- Gallup Called to Coach Webcast Series
- Season 6, Episode 21
- Learn how purposeful, periodic -- even fun -- coaching via CliftonStrengths and Q12 can bring fresh insights to team-building and can resolve team problems.
On a recent Called to Coach, we talked with Gallup-certified Strengths Coach C A Venkatrgahavan, Director, Employee Relations and Policies at Accenture India.
During the interview, Venkat shares his coaching insights. The following is a summary of the conversation between host Pooja Luthra and Venkat.
Pooja Luthra: Tell us a little about your journey so far with Gallup and others in the work that you do.
Venkat: I was a novice when we started and still feel like a novice. And I think the reason is with every passing day that I use (CliftonStrengths) and the tools we have access to, my discovery of what we can do with it and the opportunities that unfold every day are limitless in the last 36 months of being a coach. It's been three years of intense application, and I'm feeling very much at peace with myself.
PL: Tell me a little bit about what you've been doing. What has been your focus?
V: I coach for the joy of coaching, and draw inspiration from coaching. I coach one-on-ones, I coach teams and I coach groups. My intent has been: 1) How can I maximize my "reach"? 2) How can I use this skill and these tools to get to know many people? I'm also now using this to see how I the "reach" I have can meet my objectives in what I do.
PL: How does (coaching) help you be a better professional in HR?
V: It breaks the barrier of name and face. Also, it's interesting to know how teams are wired; (you can) learn a lot in four hours. The language from group to group varies, and their drivers vary, and therefore how I add meaning to that relationship changes.
PL: Tell us about the changing perceptions of the idea of coaching. People have thought that it involves improving weaknesses and bridging gaps, but that is not what we are doing. Are people suspicious, excited?
V: For some groups, (instruction involves) teaching the basics of what coaching is and what it is not. But there is a phenomenal change of paradigm here for organizations that absorb the strengths-based philosophy -- in terms of development, (the question is) what am I getting that I can work with? It shifts the paradigm from scarcity to abundance. The entire conversation is no longer about what you don't have.

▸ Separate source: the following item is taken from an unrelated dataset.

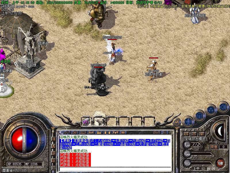 〖公告〗本服转生系统非常强大,共12转,每转一次自动获得相应属性点!转生后可以佩带转生装备!具体咨询土城转生雕像!各大地图爆出图腾(附带攻击倍数属性,而且佩带此装备可以变身怪物非常牛B),面纱(附带经验倍数属性),盾牌(附带防御属性)!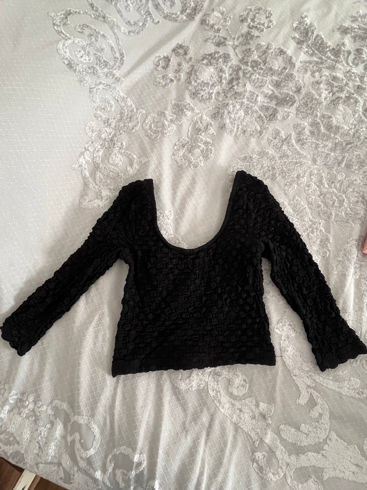 Uzun Kollu Siyah Örgü Kadın bluz ve turuncu crop 2 ürün

PL: What are your favorite Gallup tools?
V: Team Strengths I can't live without. Q12 I use very often with most teams I meet. I have used them recently for teams that are formed for a short time and have to deliver results, and then take the discussion further and ask how a "new joiner" will feel about the team. Just lead up with 6-7 questions and foster a discussion on team dynamics. (I find that people) bare their souls on these questions; it would take years for people to say things like they say to each other in the absence of these tools.
The other place where I use this on static teams that are experiencing changes in their environments. There I would focus on the Q12.
It's important for teams using these tools to articulate, "What am I solving by looking at these results?"
PL: When it comes to strengths, how does it normally (work) for you in the lifespan of these teams? Is it just the one touchpoint or do you see yourself adding value on a recurring basis?
V: The value of one-on-one coaching for both the coach and the person coached, unless it is over a period of hours, is limited to creating a basic understanding of (CliftonStrengths). But how can you apply the Strengths philosophy? If I start coaching in a one-on-one, I contract with that person for at least 6 one-hour sessions, and stay away if the person is not willing to commit to that.
I personally adopt the same philosophy with teams. It can't be a one-off; (in that case), people go away and it's all forgotten. I do this once a quarter with teams I choose to engage with, and, aware of my limited time, I carve the time out for people I directly influence and work with. That keeps the conversation alive and everything starts to build around it.
PL: How can we better equip managers to have coaching conversations?
V: I think coaching still needs to be demystified to a lot of people conceptually. It's important to teach people the skill of coaching. I think with teams, the fun way really works. If you sell food or have fun, people will show up. I have 16 activities for a team. One of the best strategies is to do things with teams.
PL: Anything else coming from a coach of three years that you'd like to tell our group or people who are interested in becoming certified?
V: Personally, it's been a journey of building my self-awareness. I have discovered myself as a person and have grown using (CliftonStrengths). I am more at peace with myself as a person now than I was three years ago, with age and other variables adding to the mix. For example, I am deeply aware that my Strategic (#1) and my Connectedness (#10) are deeply (interwoven), which is what makes me perceptive and be able, for example, to tell a few seconds before that someone is going to put their foot in their mouth. I am also learning to smooth out the rough edges. My tip to coaches is to have fun with it and see these tools as an outlook on life, and not just clinical tools for a workplace.
Venkat's Top 5 CliftonStrengths are Strategic, Self-Assurance, Maximizer, Relator and Learner.